Making connections

Computer simulations show how wiring patterns can be copied between brain areas.

The rat barrel cortex. Image credit: James et al. (CC BY 4.0)

How does the brain wire itself up? One possibility is that a precise genetic blueprint tells every brain cell explicitly how it should be connected to other cells. Another option is that complex patterns emerge from relatively simple interactions between growing cells, which are more loosely controlled by genetic instruction.

The barrel cortex in the brains of rats and mice features one of the most distinctive wiring patterns. There, cylindrical clusters of cells – or barrels – are arranged in a pattern that closely matches the arrangement of the whiskers on the face. Neurons in a barrel become active when the corresponding whisker is stimulated. This precise mapping between individual whiskers and their brain counterparts makes the whisker-barrel system ideal for studying brain wiring.

Guidance fields are a way the brain can create cell networks with wiring patterns like the barrels. In this case, genetic instructions help to create gradients of proteins across the brain. These help the axons that connect neurons together to grow in the right direction, by navigating towards regions of higher or lower concentrations. A large number of guidance fields could map out a set of centre-point locations for axons to grow towards, ensuring the correct barrel arrangement. However, there are too few known guidance fields to explain how the barrel cortex could form by this kind of genetic instruction alone.

Here, James et al. tried to find a mechanism that could create the structure of the barrel cortex, relying only on two simple guidance fields. Indeed, two guidance fields should be enough to form a coordinate system on the surface of the cortex. In particular, it was examined whether the cortical barrel map could reliably self-organize without a full genetic blueprint pre-specifying the barrel centre-points in the cortex.

To do so, James et al. leveraged a mathematical model to create computer simulations; these showed that only two guidance fields are required to reproduce the map.

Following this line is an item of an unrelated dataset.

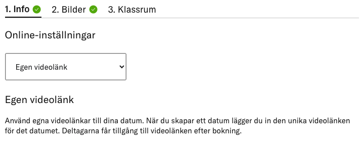 När du sen lägger upp ett datum för konceptet, lägger du in länken till videomötet som du skapat (ex Google Meet eller Zoom Basic).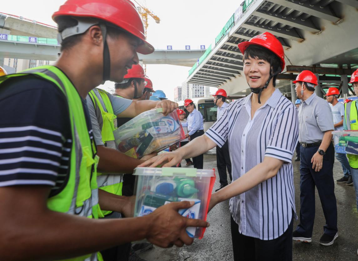 張寶娟一行實(shí)地察看了國泰創(chuàng)新中心、潤(rùn)揚(yáng)快速路、長(zhǎng)江水務(wù)和揚(yáng)州古城保護(hù)成果展示館,詳細(xì)了解項(xiàng)目建設(shè)情況。在潤(rùn)揚(yáng)路快速化改造工程江陽路互通立交施工現(xiàn)場(chǎng),張寶娟給一線的工人們送上防暑物品。她囑咐企業(yè)負(fù)責(zé)人,高溫下連續(xù)工作非常辛苦,要確保高溫天氣作業(yè)安全和工程質(zhì)量,科學(xué)合理安排工時(shí),做好防暑降溫工作,確保如期完成工程建設(shè),早日惠及揚(yáng)州人民。

However, this was only the case if axons related to different whiskers competed strongly for space while making connections, causing them to concentrate into whisker-specific clusters. The simulations also revealed that the target tissue does not need to specify centre-points if, instead, the origin tissue directs how strongly the axons should respond to the guidance fields. So this model describes a simple way that specific structures can be copied across the central nervous system.

Understanding the way the barrel cortex is set up could help to grasp how healthy brains develop, how brain development differs in certain neurodevelopmental disorders, and how brain wiring reorganizes itself in different contexts, for example after a stroke. Computational models also have the potential to reduce the amount of animal experimentation required to understand how brains are wired, and to cast light on how brain wiring is shaped by evolution.